COMPERE: And how confident are you that Hamas won't be getting a cent of that money?

SMITH: Well we're confident, as we have in the past, we have made, our contributions through either The World Bank trust fund or through UNRWA itself. So we monitor very diligently the contributions that we make. Australia has historically done that.

We don't make contributions to Hamas. We make them through The World Bank, UN agencies, or international or Australian NGOs who operate in the Middle East, and in Gaza.

COMPERE: And how soon before the Gaza residents - including the many thousands who have been left homeless after Israel's offensive - will start seeing the benefit of that money coming through?

SMITH: Well we hope as soon as possible. The intention for our contribution is to look immediately to the long-term reconstruction, and to provide on a long-term basis, reconstruction of housing, of water, and energy. There's been a substantial, as you would expect, deterioration of water and sanitation services, an appalling lack of shelter, and also just a provision of energy.

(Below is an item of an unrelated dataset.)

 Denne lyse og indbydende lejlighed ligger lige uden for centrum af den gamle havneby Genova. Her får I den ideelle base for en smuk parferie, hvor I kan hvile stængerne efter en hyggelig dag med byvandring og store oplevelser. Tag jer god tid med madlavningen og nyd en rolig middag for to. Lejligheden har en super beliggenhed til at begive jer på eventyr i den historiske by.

So our contribution, as is a substantial part of the international contribution, aimed at trying to restore that long-term vital infrastructure shelter, water, and power. But it's, as people would have seen from the images that were so distressing when the conflict was at its peak in January, you know, there is a very substantial reconstruction program to be done. But one of the reasons Australia pledged and one of the themes resonating from the conference itself has been Australia and the international community seeing this long-term contribution as assisting, and underscoring, the need for the peace process and the need for an enhanced application to the peace process, and the need for a two nation-state solution as the only viable way of trying to get an enduring, sustainable peace in the Middle East.

COMPERE: If I could shift your focus to Afghanistan for a moment. Another $5 million for mine clearing - how big a problem is it there?

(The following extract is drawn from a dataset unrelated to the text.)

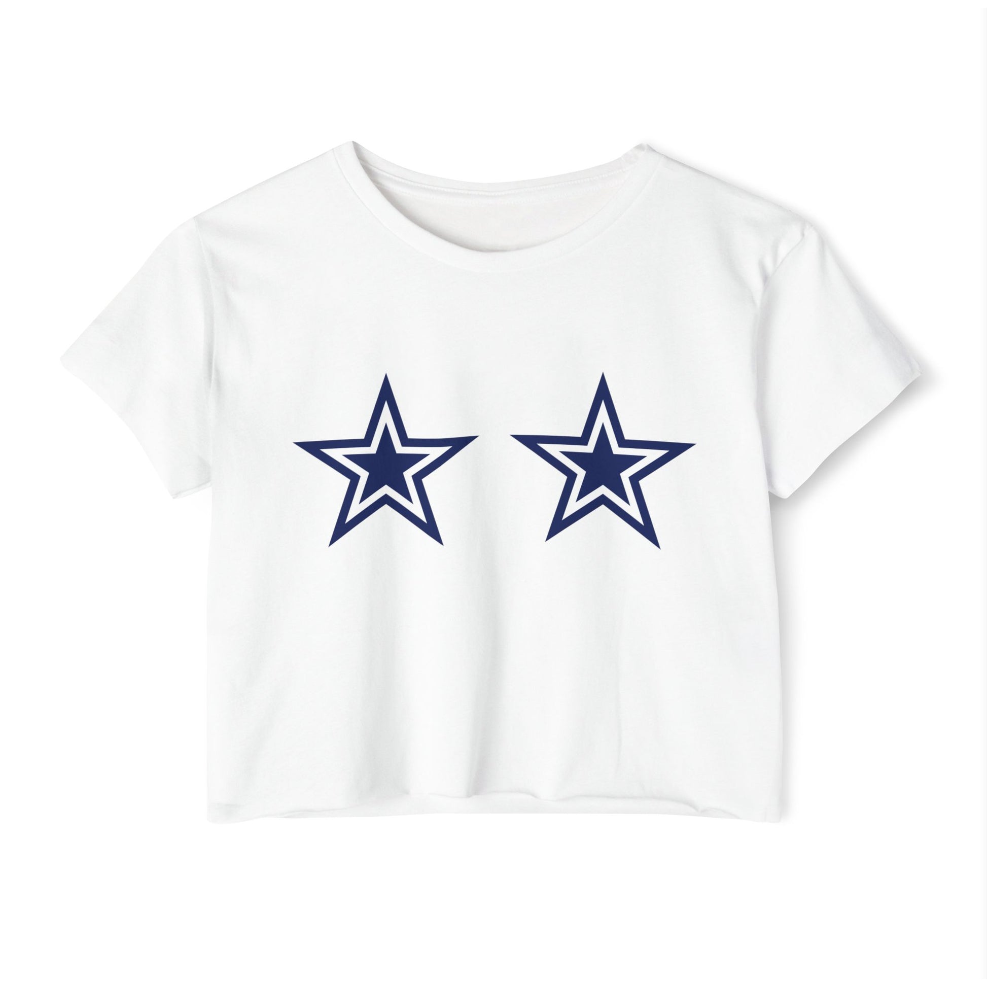 A Dallas football-themed cropped white tee with stars and navy accents, perfect for gameday Sundays. The cute stars on the boobs add a playful touch to this women's festival crop top. Ideal for fans of the cowboys and those looking for a stylish top to wear to games or watch parties.

SMITH: This is a substantial, long-term problem, and the $5 million that I've announced today is in response to the United Nations request. The United Nations has had a mine clearing effort in Afghanistan for 20 years. That of course makes the historical point that a lot of the mine clearance problems we find in Afghanistan are as a result of the Russian invasion and the Russian conflict.

Australia's got a proud record over a long period of time being a contributor to mine clearance, and over the last half dozen years, we've committed about $75 million not just to Afghanistan but to other countries very badly afflicted - for example, Cambodia. But over the last 12 months or so, in - from the end of 2007 this $5 million contribution makes effectively a $17 million contribution to mine clearance in Afghanistan.

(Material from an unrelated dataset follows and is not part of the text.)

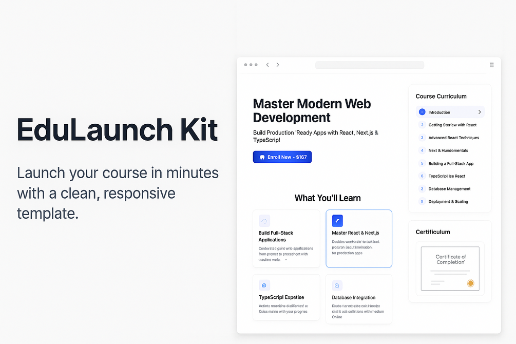 EduLaunch Kit – Course Creator Website Template (Next.js, Tailwind UI)

But the solution, as is the case with so many issues in Afghanistan, the mine clearance solution in Afghanistan is going to

take decades, not years. So it's a substantial long-term program.

But it's one of the things that we do which reflects the fact that the current difficulties in Afghanistan won't be solved by military action alone, it will require a combination of military enforcement action, but also humanitarian and development assistance, and we see this very much as being part of that.

COMPERE: Stephen Smith, thanks for your time today.

SMITH: Thanks very much. Thank you.

COMPERE: And Stephen Smith, the Foreign Minister, here on ABC NewsRadio.